Definition 12.3 (Quantile function for a continuous random variable) If \(X\) is a continuous random variable with support \(\mathcal{X}\) and with CDF \(F\) which is strictly increasing over \(\mathcal{X}\), then its quantile function is defined as \[ Q(p) = F^{-1}(p) \] for \(p \in (0,1)\), where is the inverse function of \(F\).

Once we have the quantile function \(Q(p)\) of a random variable, we can compute the \(p\) quantile as \(q = Q(p)\). Figure 12.8 depicts finding the \(0.5\) quantile, also called the median of a continuous random variable.

Code
fig, axs = plt.subplots(1,2,figsize=(6,2))

x = np.linspace(-8,8,201)
fx = stats.norm.pdf(x,0,2)

axs[0].plot(x,fx,color=col)

a = 0
xa = np.linspace(-8,a,201)
fxa = stats.norm.pdf(xa,0,2)
axs[0].fill(np.append(np.append(xa,a),xa[0]),
        np.append(np.append(fxa,0),0),color=col)
        
axs[0].spines['top'].set_visible(False)
axs[0].spines['right'].set_visible(False)

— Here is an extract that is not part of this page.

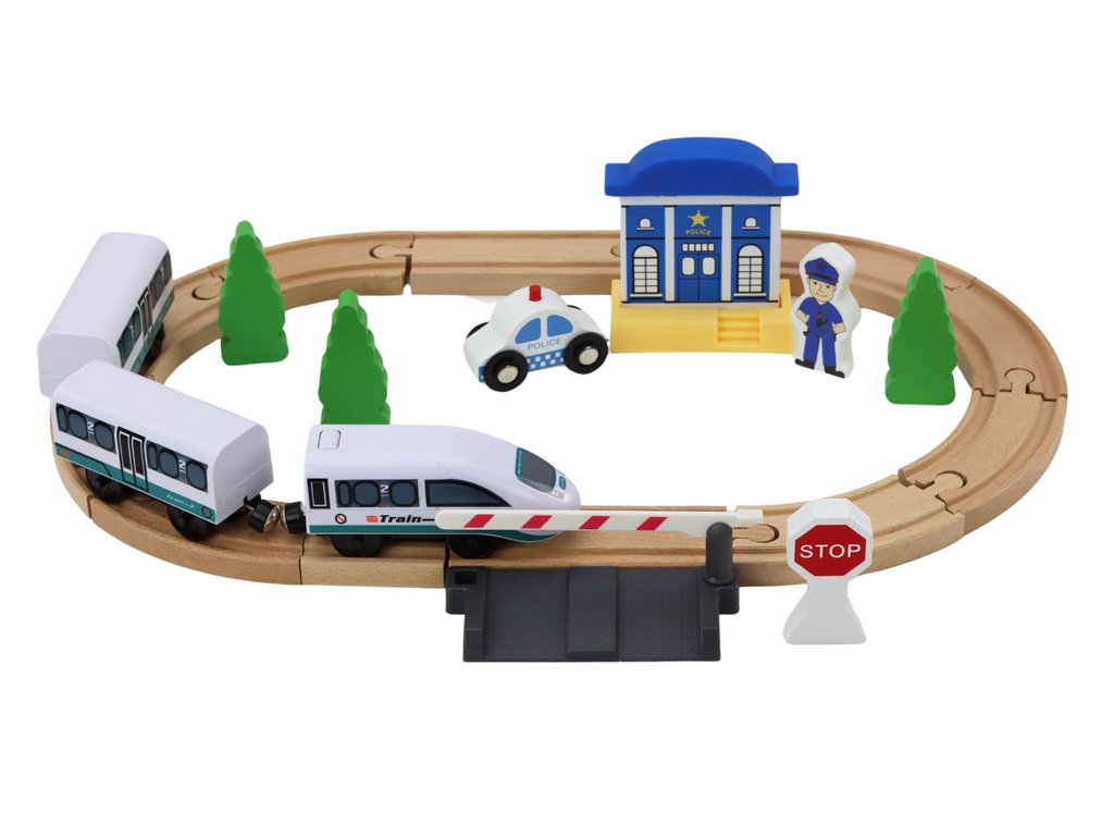 Drevená vláčikodráha s mostom a policajnými doplnkami 3,2m

axs[0].set_ylabel('$f(x)$',color=col)
axs[0].set_xlabel('$x$',color=col)

axs[0].spines['top'].set_visible(False)
axs[0].spines['right'].set_visible(False)

axs[0].set_ylabel('$f(x)$',color=col)
axs[0].set_xlabel('$x$',color=col)


Fx = stats.norm.cdf(x/2)
axs[1].plot(x,Fx,color=col)
axs[1].spines['top'].set_visible(False)
axs[1].spines['right'].set_visible(False)

b = stats.norm.cdf(a/2)
axs[1].plot([x[0],a],[b,b],color=col,linestyle='--',linewidth=1)
axs[1].plot([a,a],[b,0],color=col,linestyle='--',linewidth=1)
plt.show()
Figure 12.8: Illustration of locating the median, i.e. the \(0.5\) quantile for a continuous random variable with strictly increasing CDF.

Lastly we discuss how to obtain the mean and the variance of continuous random variables.

Proposition 12.4 (Mean and variance of continuous random variables) If \(X\) is a continuous random variable with PDF \(f\), then the expected value and variance of \(X\) are obtained as

  • \(\mathbb{E}X = \int_{-\infty}^\infty x f(x)dx\)
  • \(\operatorname{Var}X = \int_{-\infty}^\infty (x - \mu)^2 f(x)\), where \(\mu = \mathbb{E}X\).

Just as with discrete random variables, the expected value of a continuous random variable is the “balancing point” of the distribution—the location on the horizontal axis such that if a fulcrum were placed there, the PDF (if made of solid mass), would balance. Moreover, if many realizations of the random variable were obtained, the average of these realizations should be close to the expected value. The variance, just as with discrete random variables, is a measure of how spread out realizations of the random variable are likely to be.